Les réactions naturelles des deux clebs sont généralement de se diriger l'un vers l'autre ; Médor pour faire connaissance, Mirza pour attaquer hargneusement. Les deux « maîtres » vont s'efforcer de retenir chacun leur animal, ce qui paraît relativement aisé pour mademoiselle Philémone. De son côté, monsieur Aldebert, aux prises avec la force de traction intégrale de son 4x4 canin catégorie demi-lourds, a beaucoup moins de chances de réussir. Sentant le danger, mademoiselle Philémone finira peut-être par prendre Mirza sous son bras.

Voilà pourquoi ce sont les propriétaires de grands chiens qui vont au dressage ; et que ce sont aussi les grands chiens qui sont les plus faciles à éduquer, parce que leur taille impose presque d'elle-même des limites qui restent floues avec leurs congénères de poche. Ainsi, on ne leur permet pas le meilleur fauteuil, on ne les prend pas sur les genoux ou sous le bras, on ne tolère pas qu'ils envoient belle-maman sur le cul en voulant lui faire un gros câlin... bref, on les éduque. Un grand clebs bien éduqué est doux avec les enfants, méfiant envers les étrangers, ferme avec les chats.

Un petit chien bien éduqué, ça passe par un propriétaire qui veut vraiment rester le chef.
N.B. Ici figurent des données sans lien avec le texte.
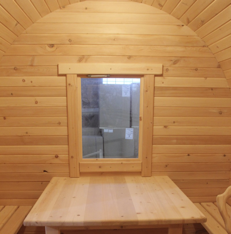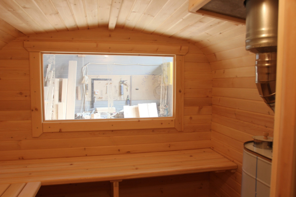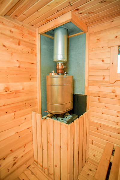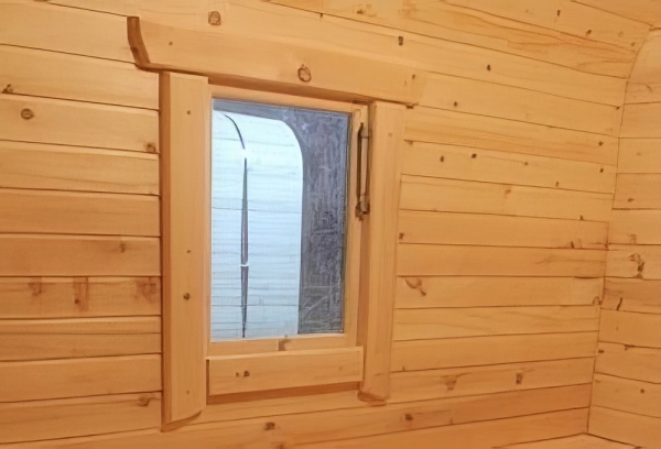 Размер окна варьируется от 120 см до 180 см в длину, ширина согласовывается индивидуально. Добавит света парному отделению, а также визуально расширит пространство.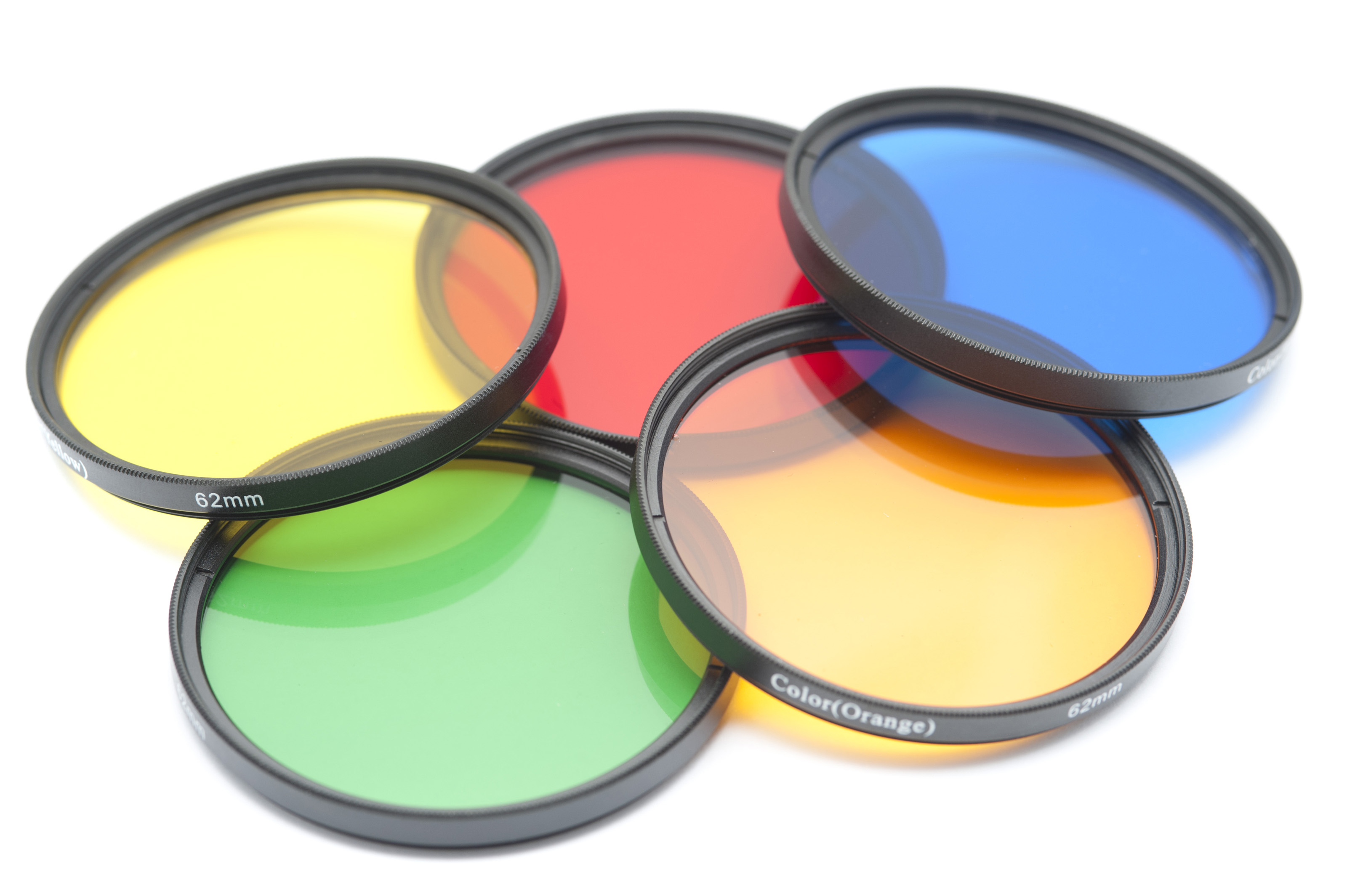 Close up on a set of five isolated color contrast photography lenses in yellow, red, blue, green and orange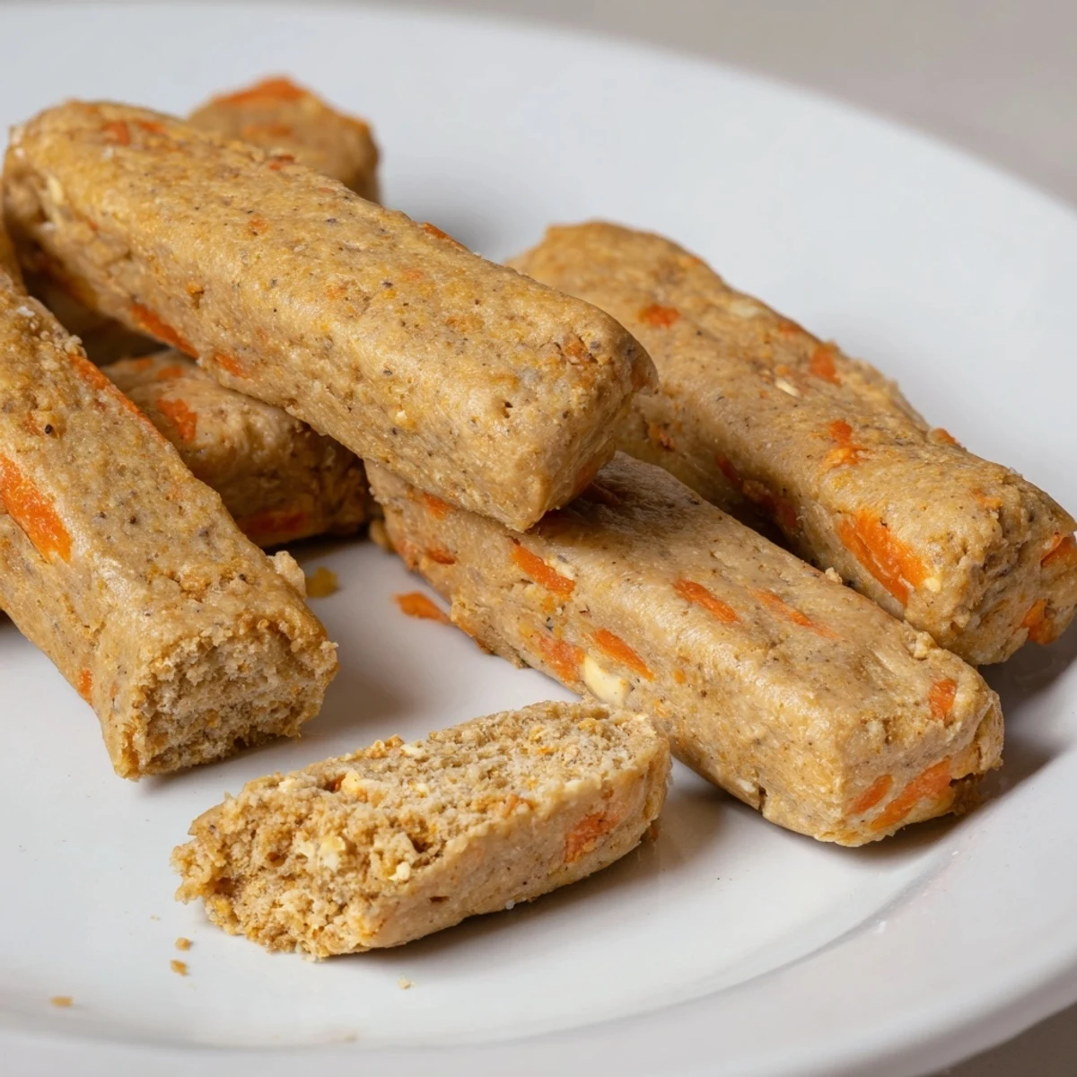 These wholesome chew sticks combine fresh apples and grated carrots with whole wheat flour and oats for a nutritious dog treat your pup will love. The dough comes together quickly and bakes into firm, satisfying chews that help keep dogs busy while providing vitamins and fiber. With just 15 minutes of prep and 45 minutes in the oven, you'll have 16 stick treats ready for your furry friend. Store them in an airtight container for up to a week, or freeze extras for later. These vegetarian, gluten-free adaptable chews are perfect for dogs who love to gnaw and chew.

Mais Mirza est si petite qu'on lui pardonne tout et qu'on lui tolère des comportements de tyran : manger avant tout le monde, prendre la meilleure place, grogner sur les visiteurs, aboyer après les passants, mordre le pantalon du facteur, tirer sur la laisse...

Tout compte fait, j'aime mieux Félix. Il n'en touche pas une, mais il sort tout seul, enterre ses crottes et fout la paix aux gens quand il a eu sa gamelle.

(*) Rien de plus hilarant, quand quelqu'un promène son chien (ou l'inverse, souvent), que d'admirer l'air détaché qu'il prend pendant que son animal souille l'espace public. Il faut impérativement regarder ailleurs, mine de rien, et se remettre en marche aussitôt que possible, en affectant de n'avoir rien remarqué.